Chapter 1: Introduction to Multivariate Statistics
Test Items: True-False Format
Instructions: Mark the statements “T” for true, “F” for false, or “?” for don’t know.
1. The use of multivariate statistical techniques has become more commonplace largely
due to the increasingly complex nature of research designs and related research
questions.

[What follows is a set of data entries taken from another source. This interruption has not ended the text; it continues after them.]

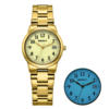 This golden ladies’ quartz watch is more than just a timekeeper — it’s a statement of elegance and reliability. With its luminous dial, durable build, and timeless design, it’s an essential accessory for women who appreciate both style and function. Step out with confidence and let this watch shine on your wrist.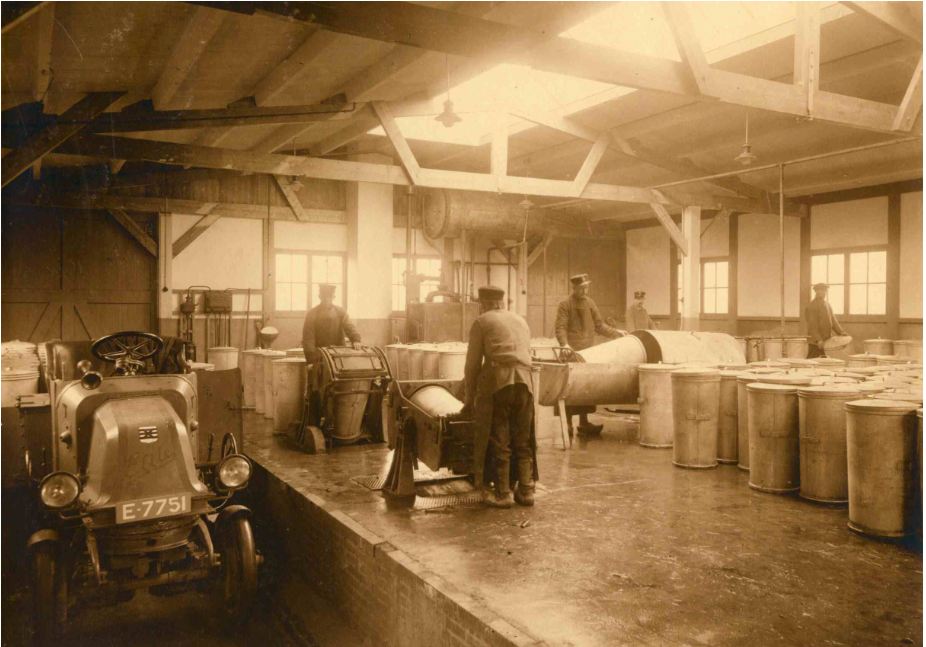 De gemeentereiniging in Enschede beschikte op een terrein aan de Poolmansweg op het Bruggert over een gebouw waar de huisvuiltonnen gereinigd werden. Alle gezinnen konden voor f 6 per jaar over zo’n ton beschikken. In 1923 werd voor het ophalen van het huisvuil een tonnenwagen aangeschaft, waarmee Enschede een grootse primeur had voor Nederland. De schoongespoelde tonnen werden ingeladen op de tonnenwagen, waarna begonnen werd aan een volgende route door de straten van Enschede. De volle tonnen werden dan direct vervangen. Dit gebeurde twee keer per week. Om dit vuilnisophaalsysteem in de rest van het land te kunnen propageren werd en een serie foto’s gemaakt.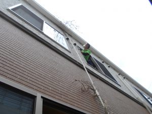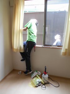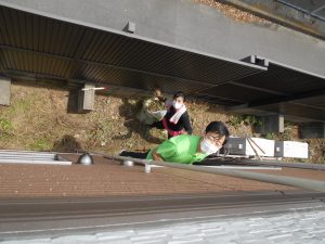 下で格闘していたYリーダーと、作業を眺めていたOサ責が見上げてました。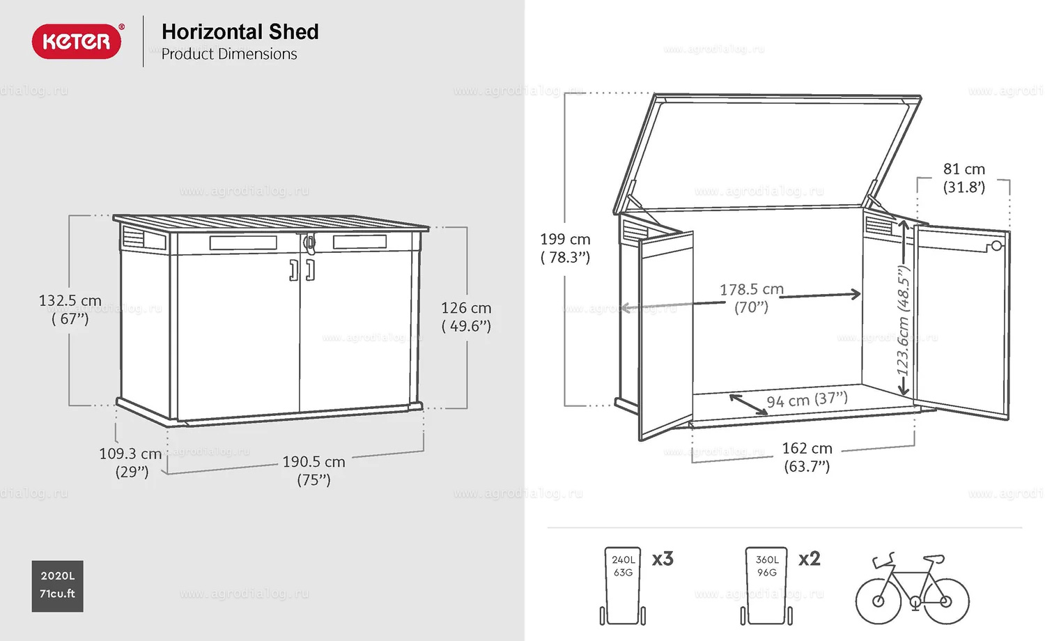Древесно-пластиковый композитный шкаф Keter Horizontal Shed 2020 L Venetian Grey особенности:

T*
F
2. A study appropriate for multivariate statistical analysis is typically defined as one
with several dependent variables (DVs).
T*
F
3. The basic distinction between experimental and nonexperimental research designs
is whether the levels of the independent variable(s) have been manipulated by the
researcher.
T*
F
4. In nonexperimental research (e.g., descriptive, correlational, survey, or causal-
comparative designs), the researcher has no control over the levels of the
independent variables (IVs).
T*
F
5. In an experimental research study, if the researcher finds a statistically significant
difference between two or more of the groups representing different treatment
conditions, she or he can have some confidence in attributing causality to the IV.
T*
F
6. Nonexperimental research studies also enable a researcher to conclude that the IV
and DV are related and infer causality.
T
F*
7. In experimental studies, IVs may also be referred to as criterion or outcome variables.
T
F*
8. In experimental studies, DVs are sometimes referred to as the predictor or
causal variables.
T
F*
9. Univariate statistics refers to analyses where there is only one IV and one DV.
T
F*
10. Bivariate statistics refers to analyses that involve two variables where one is identified
as an IV and the other is identified as a DV.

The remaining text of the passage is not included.